Of the 30 pursuit-related deaths, 20 were the driver or passenger in the pursued vehicle, and 10 were in an unrelated car or were pedestrians hit by the car being chased.

Those killed included newlywed teenagers Patrick McDonagh, 19, and pregnant wife Shauna, 18, who died when their car collided with a bus on the wrong side of a London road in February.

Police had been chasing a car following an armed burglary but the couple had not been at the crime scene.

Later that month, an elderly couple were killed in a crash involving a van that was being chased by police through Eltham.

In November, a baby was among four people who died in a collision with a car being pursued in Sheffield.

The Independent Office for Police Conduct (IOPC) said five crashes during police chases caused mass casualties, with 14 people dying in five incidents.

“This is the highest number of fatalities recorded in the past 10 years and the third highest recorded over the 15-year period since 2004-05, when these statistics were first published,” the watchdog said.

The IOPC said it was independently investigating all but one of the pursuit-related incidents, and all of those where police were responding to an emergency.

Michael Lockwood, director-general of the IOPC, said there should be “ongoing scrutiny” of deaths related to police pursuits.

“Police drivers need to be able to pursue suspects and respond quickly to emergency calls as part of their duty, but it’s not without risk,” he added.

“This includes risks not only for the police and the driver of any pursued vehicle, but for passengers, bystanders and other road users. Pursued drivers bear responsibility for their own actions but police officers should also take into account risks to the public and only undertake a pursuit where it is safe to do so, and where authorised.”

He welcomed the government’s instruction of a new legal bar assessing the standard of police driving to help protect officers from prosecution over death and injury.

Four dead after car followed by police crashes

The figures showed that 16 people died in police custody or after being detained in the year, a decrease of seven from the 10-year high seen last year.

Six people were “taken ill at the scene of arrest” and six others died in hospital after “becoming unwell” in a cell.

There were 63 apparent suicides following police custody, a small increase on the previous year. A third had been arrested for an alleged sexual offence and 15 of those involved crimes against children.

There were three fatal police shootings, down from four the previous year.

The IOPC also investigated 152 other deaths following contact with the police.

More than half of those people (90) were reported to be intoxicated with drugs or alcohol and two thirds were reported to have mental health concerns.

Incidents investigated included missing person’s cases or reports of domestic abuse.

Deborah Coles, director of the Inquest charity, said a review on deaths in police custody had sparked “little progress” in improving safety for people with mental health problems and addictions.

“The fact that the majority of recent deaths relate to these vulnerabilities shows the cost of such failures, and the importance of a public health focused response,” she added.

“At a time when all political parties are promising additional police on the streets, our ongoing casework shows that more police numbers are not the answer to public safety. Ultimately to prevent further deaths and harm, we must look beyond policing and redirect resources into community, health, welfare and specialist services.”

Mr Lockwood said all deaths have a “tragic and lifelong impact on the family and friends of those who have died” and the police officers involved.

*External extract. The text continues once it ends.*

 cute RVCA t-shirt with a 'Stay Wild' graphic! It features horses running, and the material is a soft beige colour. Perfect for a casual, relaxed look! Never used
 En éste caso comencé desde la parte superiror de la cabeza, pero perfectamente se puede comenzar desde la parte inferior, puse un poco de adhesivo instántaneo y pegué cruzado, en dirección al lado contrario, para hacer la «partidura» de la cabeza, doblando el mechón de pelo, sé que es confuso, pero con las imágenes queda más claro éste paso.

“It is of concern that again, there is a high proportion of people dying during and immediately after custody who are vulnerable through mental health and links to drugs and alcohol,” he added.

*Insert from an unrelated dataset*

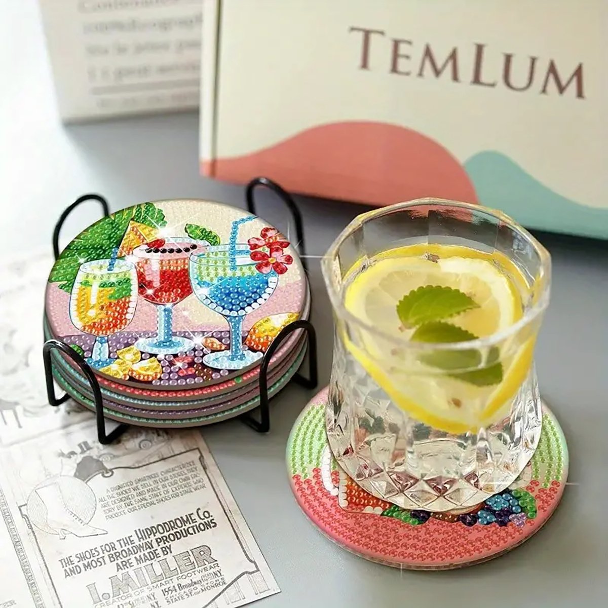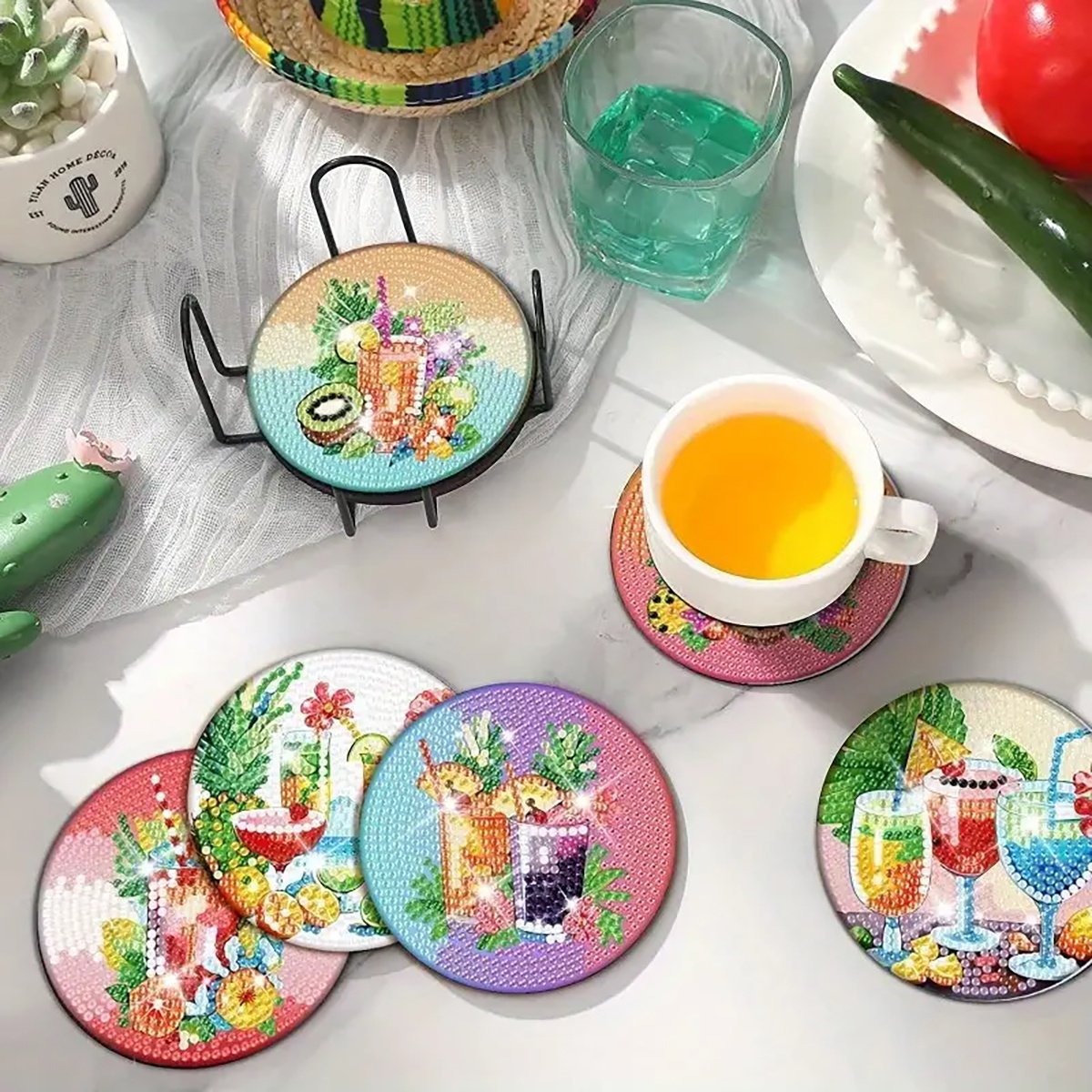 Diamond Painting Coaster Kits with Holder, Suitable for Adults&Beginners, for DIY Drink Coaster, Home Decoration and Great Gifts

“These statistics bring into sharp focus the need for all police officers, including the proposed 20,000 new police recruits, to have up to date training in recognising and managing vulnerabilities in those they come into contact with.

“But this is not just a policing issue – it’s a system-wide issue, which needs a concerted response by all those involved to prevent future deaths from occurring.”

The IOPC’s report is to be shared with the National Police Chiefs’ Council and the Ministerial Board on Deaths in Custody.